I feel like I'm running the last leg of a marathon. Funny thing is, I am not a runner. In fact, I hate running but with all of you cheering me on and encouraging me, I feel like there isn't anything I can't do.
You all have prayed for me. You have sent cards. You have reached out to me, across the miles through Facebook and emails. Your comments have been a tremendous help in my healing. Thank you, thank you, thank you.
I won't lie - there were times when I felt like giving up. Thankfully, J has been wonderful as I wet his shirts with my tears. One thing that rang out in my second trip out of three stays in the hospital, was that there is a purpose in this. At that moment, I was more vulnerable than I had ever been. I had to learn to ask for help to the bathroom. I had to let go of others seeing my body, scars and all. I had to learn to answer questions like, "Are you passing gas? Have you had a bowel movement?" Questions that I learned to answer even with my family in the same room. I had to admit that I was nauseous and dealing with dry heaves. I had to walk the halls of the hospital to show proof that I was tough enough to get up out of the bed and to fight to get better. I have had to drink my food for over a month where just now, I'm eating soft, mushy foods. I will never take anything for granted again.
I met so many angels in the hospital, one of them, Cynthia, I will never forget. She left an imprint on my heart. She gave and nurtured the wounded, embarrassed part of me to smile again. Even now, I am reminding myself daily of her words, "Graze. Don't feel like you need to eat. Just graze." Also, "sip, sip, sip." Those words reminded min a huge, profound way, to take each day, one little step at a time. Cynthia inspired me - no, she reminded me that I started a journey that I never finished....getting my nursing degree...becoming an RN. Nine years ago, I started to reach for that goal and then quit when my marriage ended and life became out of my control. Thank you, Cynthia for reminding me that it's never too late to start over again.

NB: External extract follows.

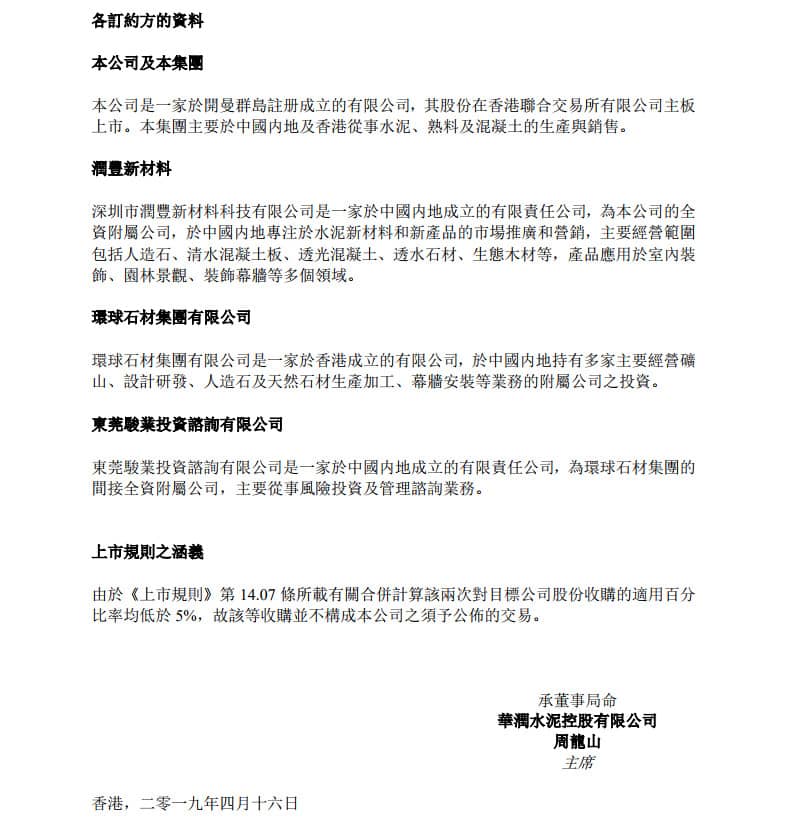連同于2019年1月18日潤(rùn)豐新材料與賣(mài)方訂立的投資協(xié)議項(xiàng)下以人民幣3.88億元的代價(jià)對(duì)目標(biāo)公司19.9939%股份的收購(gòu),完成前述收購(gòu)事項(xiàng)后,潤(rùn)豐新材料將持有目標(biāo)公司共40%股份;環(huán)球石材集團(tuán)將仍是目標(biāo)公司的控股股東,持有其51.0004%股份;另外40名獨(dú)立第三方股東持有其余8.9996%股份。

I would love to be able to hear your voices and to thank you all, personally, face to face. That isn't possible (unless you live here in Salem, Oregon). If you would like, and it may take me awhile, please email me your phone number so I can have the joy of hearing your voice and thanking you, from me to you.
After all, that's the beauty of this thing we call the worldwide web. Connecting friendships and hearts.